** Task details **
All that is needed is the first stretch of the listing below, repeated exactly and ending with the line that contains "Based on the". Pictures are to be left out.

** Exercise material **
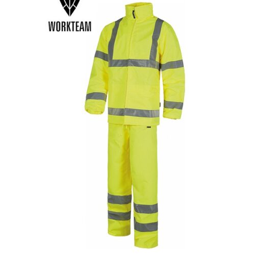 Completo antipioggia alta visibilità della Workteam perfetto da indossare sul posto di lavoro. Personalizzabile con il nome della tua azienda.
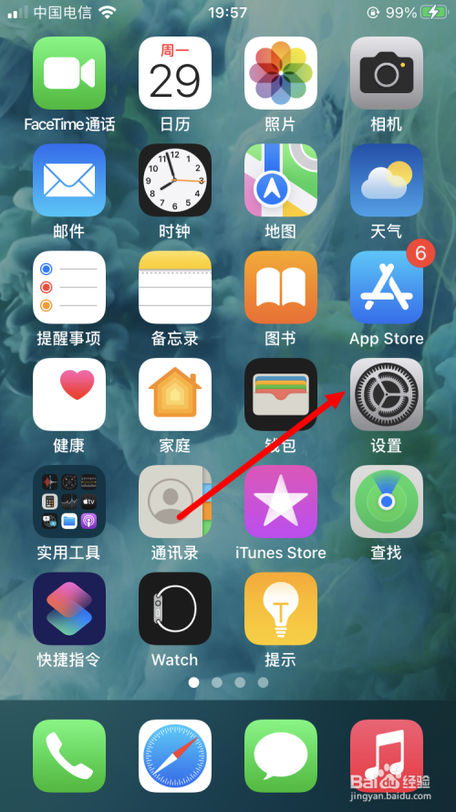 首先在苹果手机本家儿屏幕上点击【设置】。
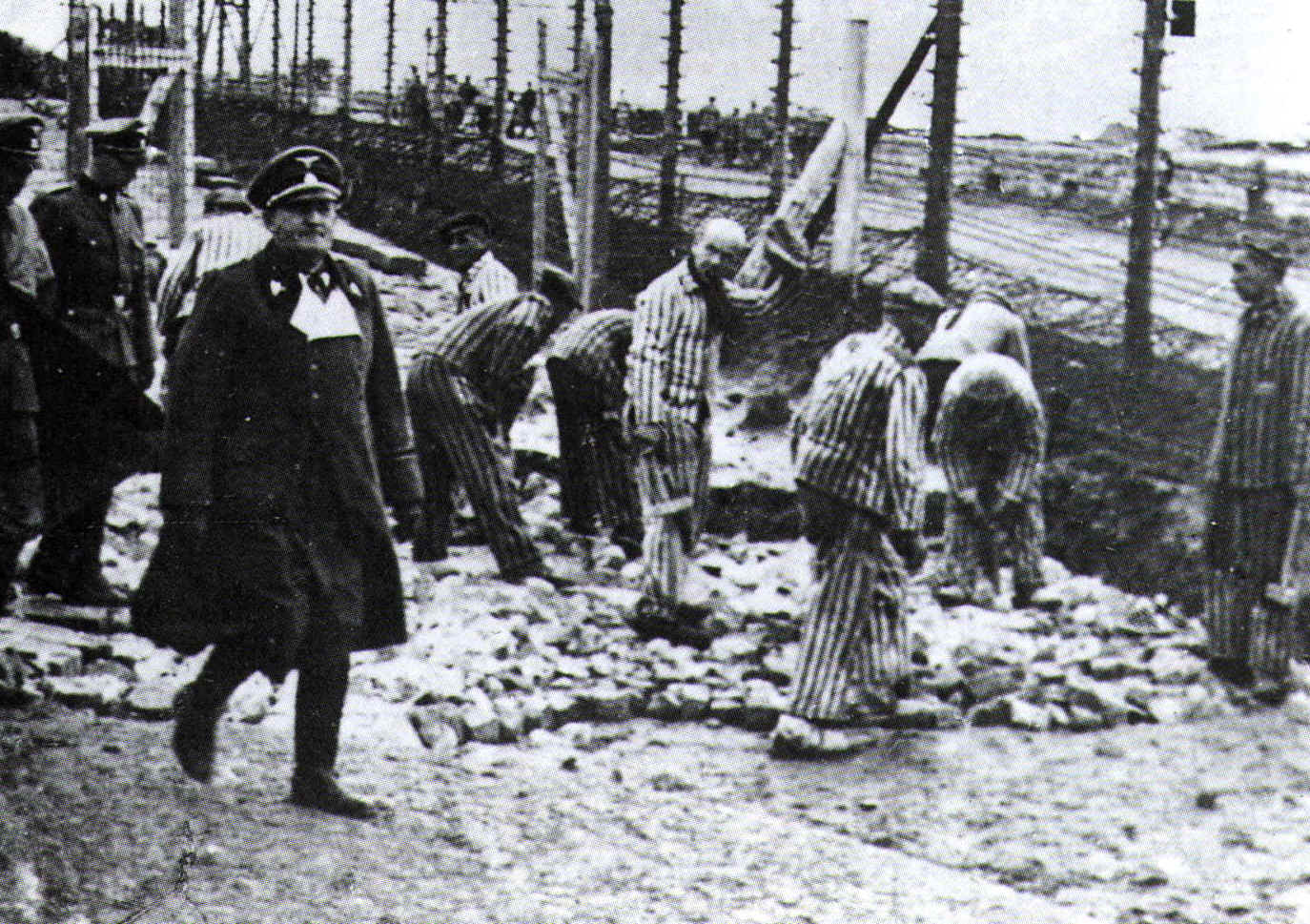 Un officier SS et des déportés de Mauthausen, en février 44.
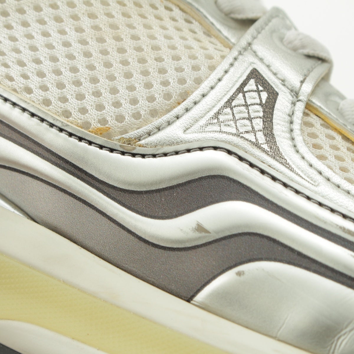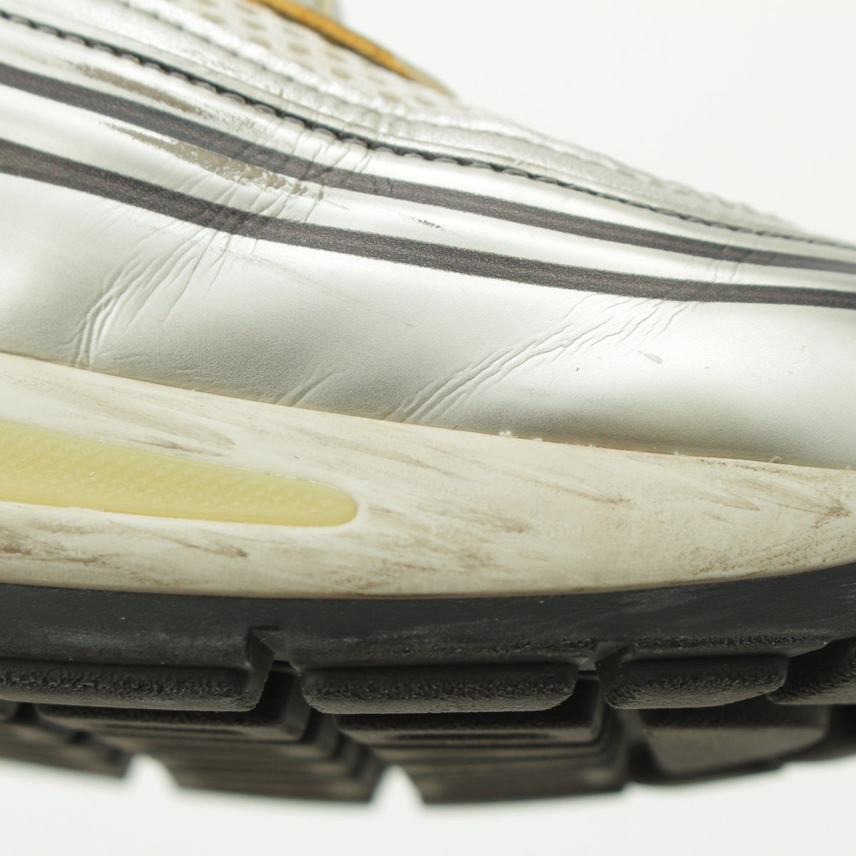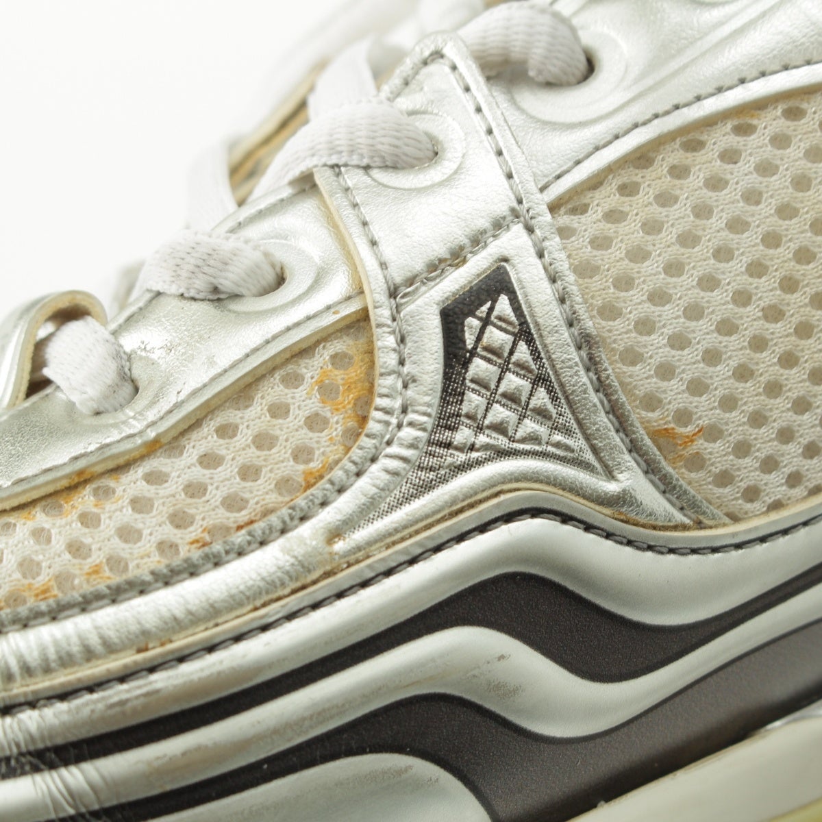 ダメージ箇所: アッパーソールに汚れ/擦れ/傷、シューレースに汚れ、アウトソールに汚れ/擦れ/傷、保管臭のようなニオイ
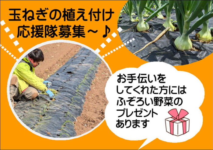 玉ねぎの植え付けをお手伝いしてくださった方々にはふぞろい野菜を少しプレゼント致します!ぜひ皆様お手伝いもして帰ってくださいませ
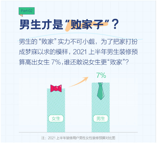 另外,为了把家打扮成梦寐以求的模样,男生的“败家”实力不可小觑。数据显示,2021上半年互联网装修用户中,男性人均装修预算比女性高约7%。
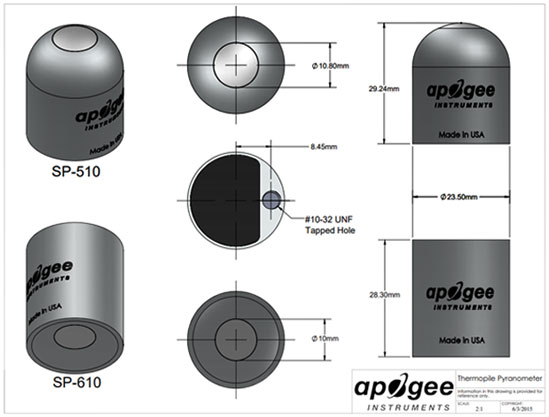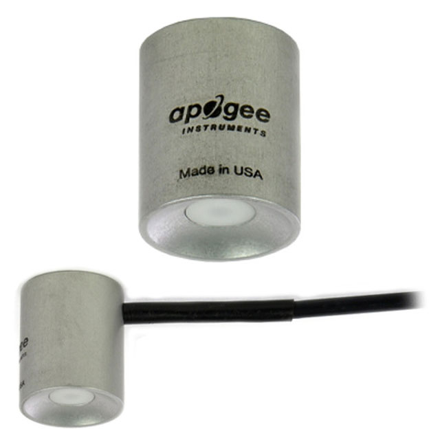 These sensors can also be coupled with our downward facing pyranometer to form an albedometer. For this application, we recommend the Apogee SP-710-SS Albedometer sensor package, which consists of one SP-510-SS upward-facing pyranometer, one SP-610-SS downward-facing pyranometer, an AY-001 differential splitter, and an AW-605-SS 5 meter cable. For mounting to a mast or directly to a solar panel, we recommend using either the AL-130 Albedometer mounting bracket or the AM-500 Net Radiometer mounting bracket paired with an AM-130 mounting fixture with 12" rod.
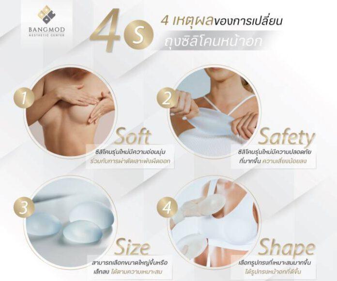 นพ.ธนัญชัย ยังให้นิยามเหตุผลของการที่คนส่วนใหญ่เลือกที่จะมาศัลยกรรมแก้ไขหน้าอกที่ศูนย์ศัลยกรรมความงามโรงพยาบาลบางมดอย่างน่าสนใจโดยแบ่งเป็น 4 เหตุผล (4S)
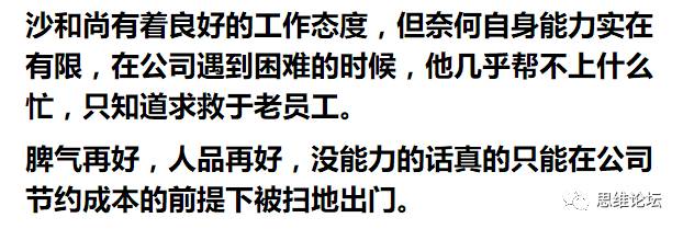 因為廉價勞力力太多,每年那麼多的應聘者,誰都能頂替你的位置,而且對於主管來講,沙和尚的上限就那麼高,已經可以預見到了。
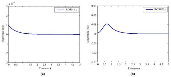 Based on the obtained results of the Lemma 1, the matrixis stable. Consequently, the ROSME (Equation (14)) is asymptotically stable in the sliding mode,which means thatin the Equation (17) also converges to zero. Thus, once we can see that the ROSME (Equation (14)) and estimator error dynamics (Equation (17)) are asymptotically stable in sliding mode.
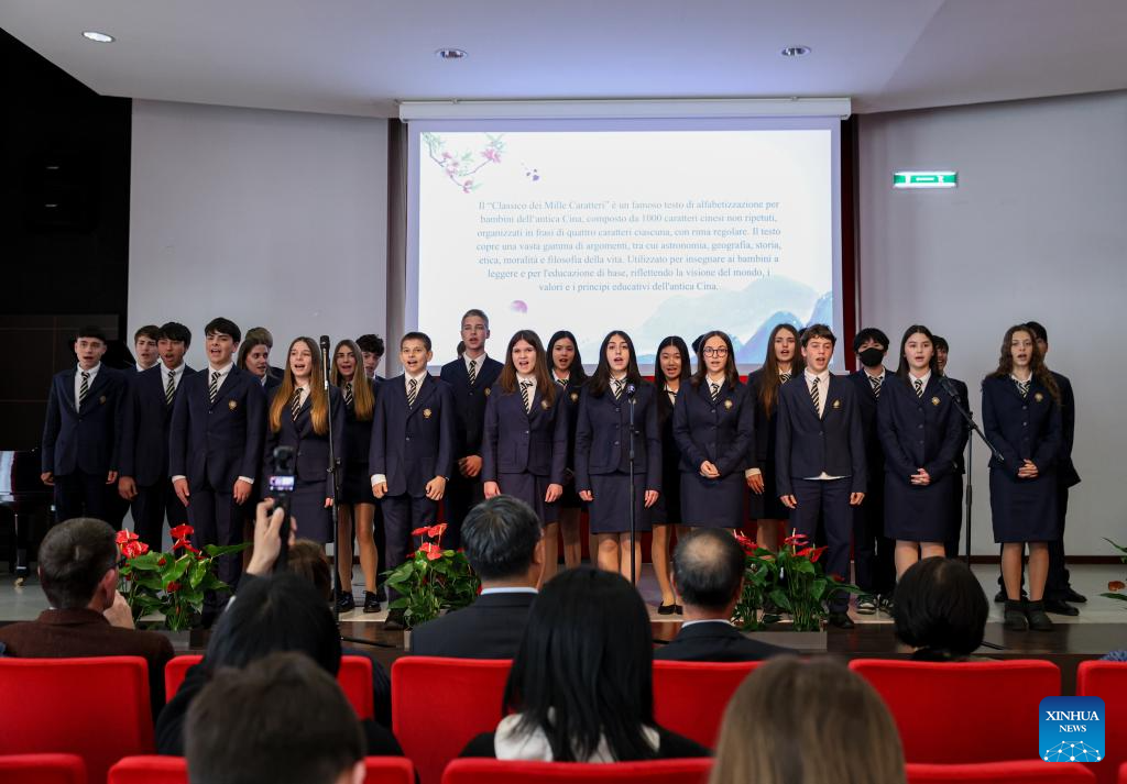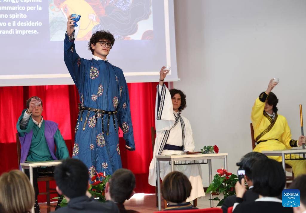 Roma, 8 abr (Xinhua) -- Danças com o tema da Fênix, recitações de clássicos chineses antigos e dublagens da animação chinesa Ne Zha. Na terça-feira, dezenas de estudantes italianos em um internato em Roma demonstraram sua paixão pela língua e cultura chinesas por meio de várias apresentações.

** Response to this task **
 Completo antipioggia alta visibilità della Workteam perfetto da indossare sul posto di lavoro. Personalizzabile con il nome della tua azienda.
 首先在苹果手机本家儿屏幕上点击【设置】。
 Un officier SS et des déportés de Mauthausen, en février 44.
 ダメージ箇所: アッパーソールに汚れ/擦れ/傷、シューレースに汚れ、アウトソールに汚れ/擦れ/傷、保管臭のようなニオイ
 玉ねぎの植え付けをお手伝いしてくださった方々にはふぞろい野菜を少しプレゼント致します!ぜひ皆様お手伝いもして帰ってくださいませ
 另外,为了把家打扮成梦寐以求的模样,男生的“败家”实力不可小觑。数据显示,2021上半年互联网装修用户中,男性人均装修预算比女性高约7%。
 These sensors can also be coupled with our downward facing pyranometer to form an albedometer. For this application, we recommend the Apogee SP-710-SS Albedometer sensor package, which consists of one SP-510-SS upward-facing pyranometer, one SP-610-SS downward-facing pyranometer, an AY-001 differential splitter, and an AW-605-SS 5 meter cable. For mounting to a mast or directly to a solar panel, we recommend using either the AL-130 Albedometer mounting bracket or the AM-500 Net Radiometer mounting bracket paired with an AM-130 mounting fixture with 12" rod.
 นพ.ธนัญชัย ยังให้นิยามเหตุผลของการที่คนส่วนใหญ่เลือกที่จะมาศัลยกรรมแก้ไขหน้าอกที่ศูนย์ศัลยกรรมความงามโรงพยาบาลบางมดอย่างน่าสนใจโดยแบ่งเป็น 4 เหตุผล (4S)
 因為廉價勞力力太多,每年那麼多的應聘者,誰都能頂替你的位置,而且對於主管來講,沙和尚的上限就那麼高,已經可以預見到了。
 Based on the obtained results of the Lemma 1, the matrixis stable. Consequently, the ROSME (Equation (14)) is asymptotically stable in the sliding mode,which means thatin the Equation (17) also converges to zero. Thus, once we can see that the ROSME (Equation (14)) and estimator error dynamics (Equation (17)) are asymptotically stable in sliding mode.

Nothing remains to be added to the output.